| Dataset entries |
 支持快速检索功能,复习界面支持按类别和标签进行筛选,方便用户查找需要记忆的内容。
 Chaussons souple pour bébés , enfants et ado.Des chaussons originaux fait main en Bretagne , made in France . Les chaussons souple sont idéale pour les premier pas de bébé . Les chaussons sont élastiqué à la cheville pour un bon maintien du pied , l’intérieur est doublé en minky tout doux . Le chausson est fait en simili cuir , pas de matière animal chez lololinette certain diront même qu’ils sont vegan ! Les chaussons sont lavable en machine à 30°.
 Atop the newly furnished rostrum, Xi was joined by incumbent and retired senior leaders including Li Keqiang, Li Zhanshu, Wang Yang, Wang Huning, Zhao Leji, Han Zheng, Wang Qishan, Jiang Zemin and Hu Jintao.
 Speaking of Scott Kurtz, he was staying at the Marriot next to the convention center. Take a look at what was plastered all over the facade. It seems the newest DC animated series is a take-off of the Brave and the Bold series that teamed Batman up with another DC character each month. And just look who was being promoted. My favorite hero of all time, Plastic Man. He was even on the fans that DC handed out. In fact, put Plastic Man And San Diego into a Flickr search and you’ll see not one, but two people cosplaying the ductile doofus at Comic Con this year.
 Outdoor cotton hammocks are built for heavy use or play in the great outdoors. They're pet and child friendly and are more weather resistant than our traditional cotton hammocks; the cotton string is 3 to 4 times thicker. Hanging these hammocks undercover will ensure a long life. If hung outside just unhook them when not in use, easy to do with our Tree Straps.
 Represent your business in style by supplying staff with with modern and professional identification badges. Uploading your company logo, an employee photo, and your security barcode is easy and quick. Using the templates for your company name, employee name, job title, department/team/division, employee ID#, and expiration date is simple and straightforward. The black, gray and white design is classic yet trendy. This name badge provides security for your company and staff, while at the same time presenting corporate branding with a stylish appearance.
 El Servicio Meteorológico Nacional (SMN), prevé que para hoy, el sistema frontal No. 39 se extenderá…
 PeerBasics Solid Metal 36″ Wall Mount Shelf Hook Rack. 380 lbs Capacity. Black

* * *

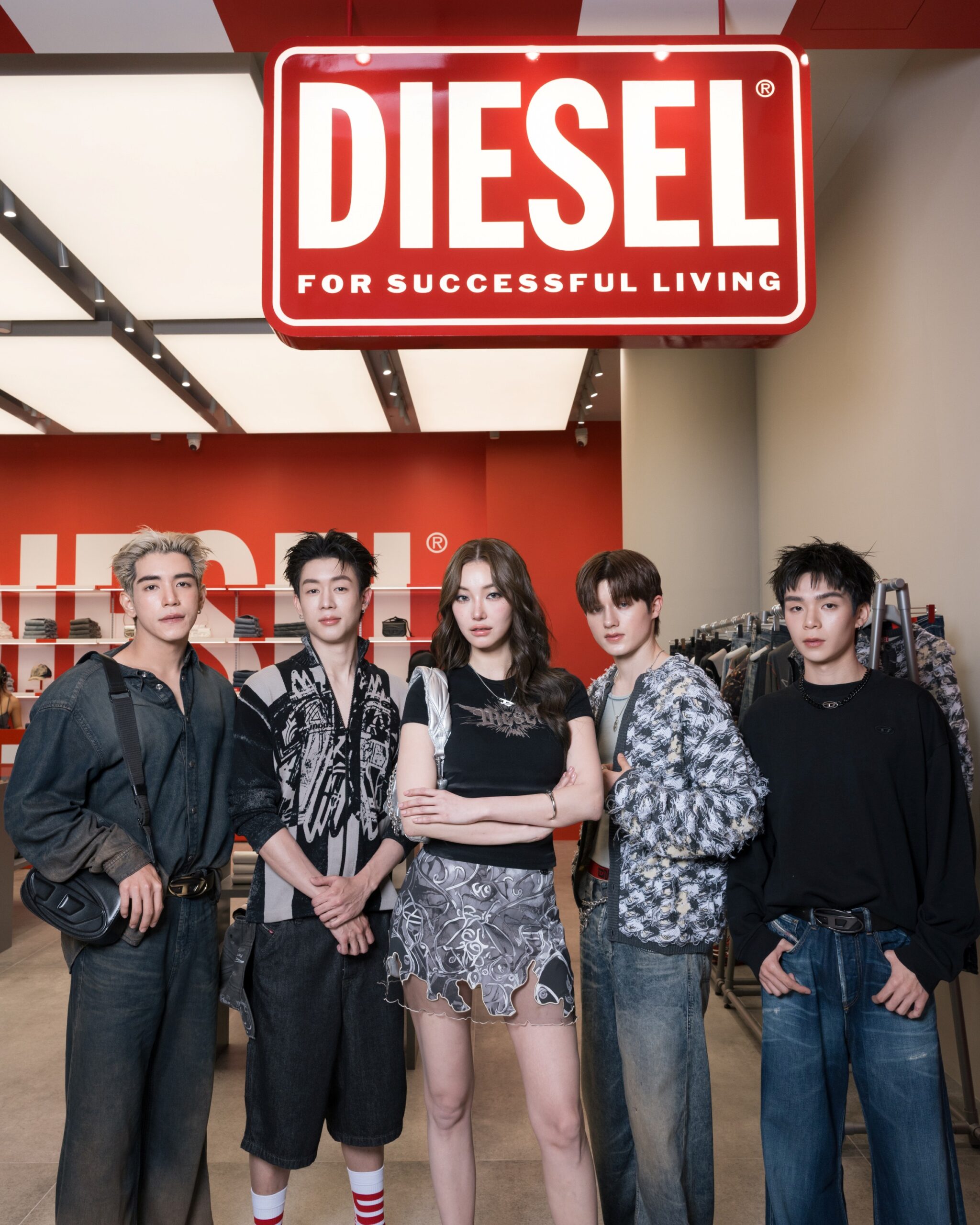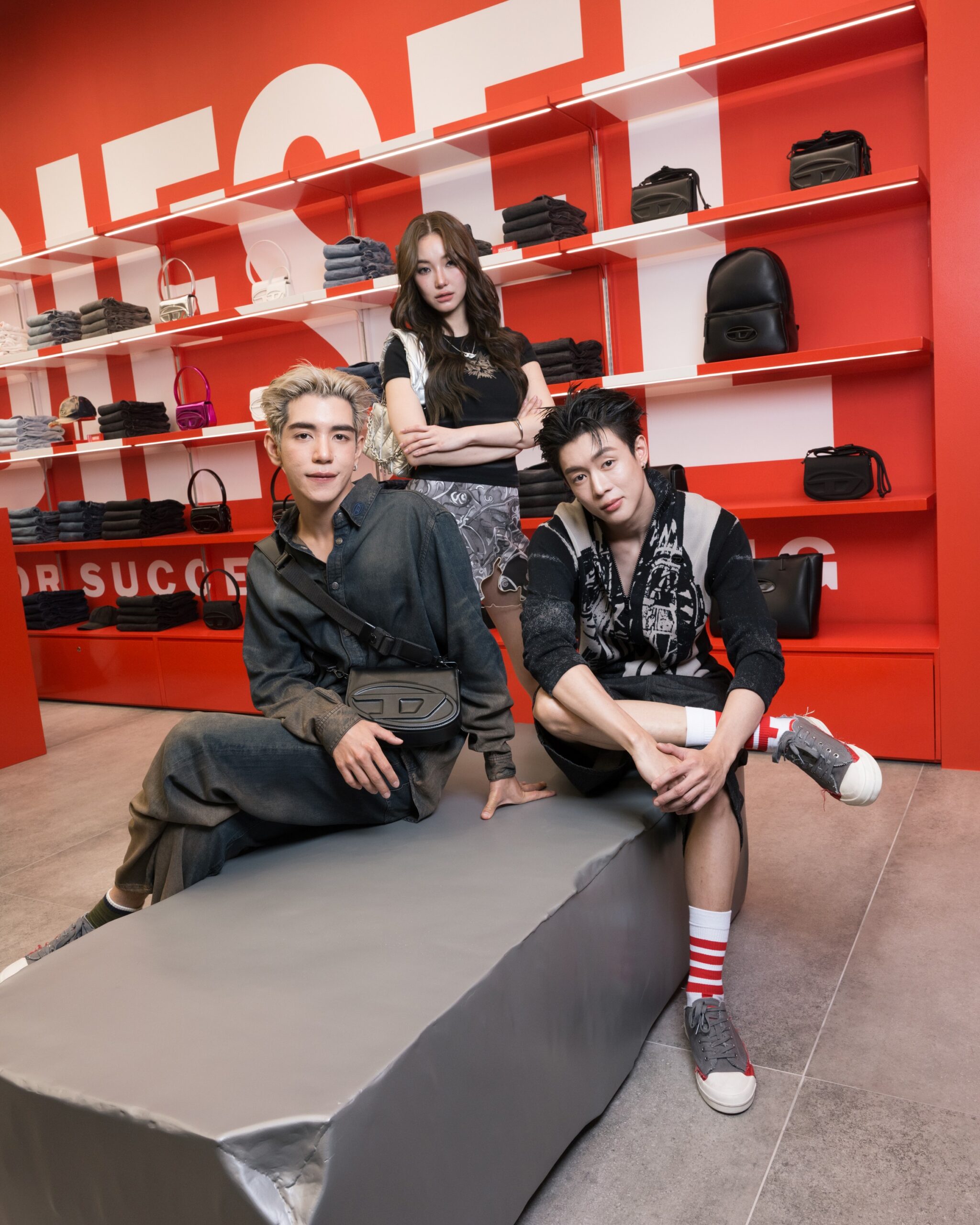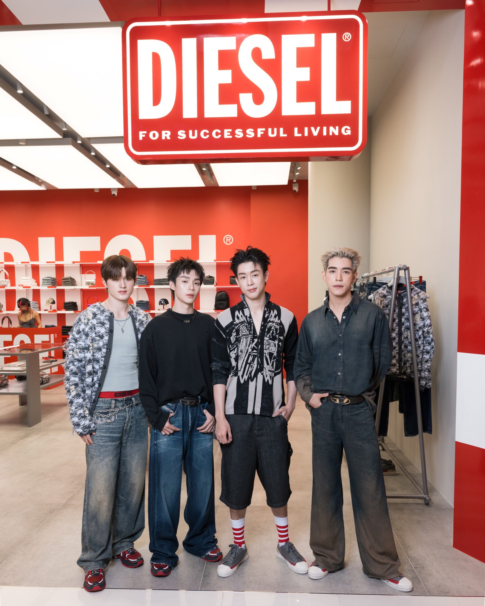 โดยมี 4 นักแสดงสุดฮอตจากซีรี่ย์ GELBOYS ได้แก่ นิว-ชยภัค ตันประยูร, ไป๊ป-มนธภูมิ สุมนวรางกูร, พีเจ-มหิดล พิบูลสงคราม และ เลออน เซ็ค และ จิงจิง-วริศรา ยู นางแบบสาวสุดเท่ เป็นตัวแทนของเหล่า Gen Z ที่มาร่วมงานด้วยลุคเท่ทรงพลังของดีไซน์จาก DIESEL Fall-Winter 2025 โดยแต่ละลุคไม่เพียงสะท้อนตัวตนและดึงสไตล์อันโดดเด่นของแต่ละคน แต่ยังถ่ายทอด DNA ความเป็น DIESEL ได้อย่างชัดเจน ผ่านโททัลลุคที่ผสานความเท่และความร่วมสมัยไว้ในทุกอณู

| Assignment |
Search the listing for the word "easy", and copy every line in which it is found.

| Answer to this exercise |
 Outdoor cotton hammocks are built for heavy use or play in the great outdoors. They're pet and child friendly and are more weather resistant than our traditional cotton hammocks; the cotton string is 3 to 4 times thicker. Hanging these hammocks undercover will ensure a long life. If hung outside just unhook them when not in use, easy to do with our Tree Straps.
 Represent your business in style by supplying staff with with modern and professional identification badges. Uploading your company logo, an employee photo, and your security barcode is easy and quick. Using the templates for your company name, employee name, job title, department/team/division, employee ID#, and expiration date is simple and straightforward. The black, gray and white design is classic yet trendy. This name badge provides security for your company and staff, while at the same time presenting corporate branding with a stylish appearance.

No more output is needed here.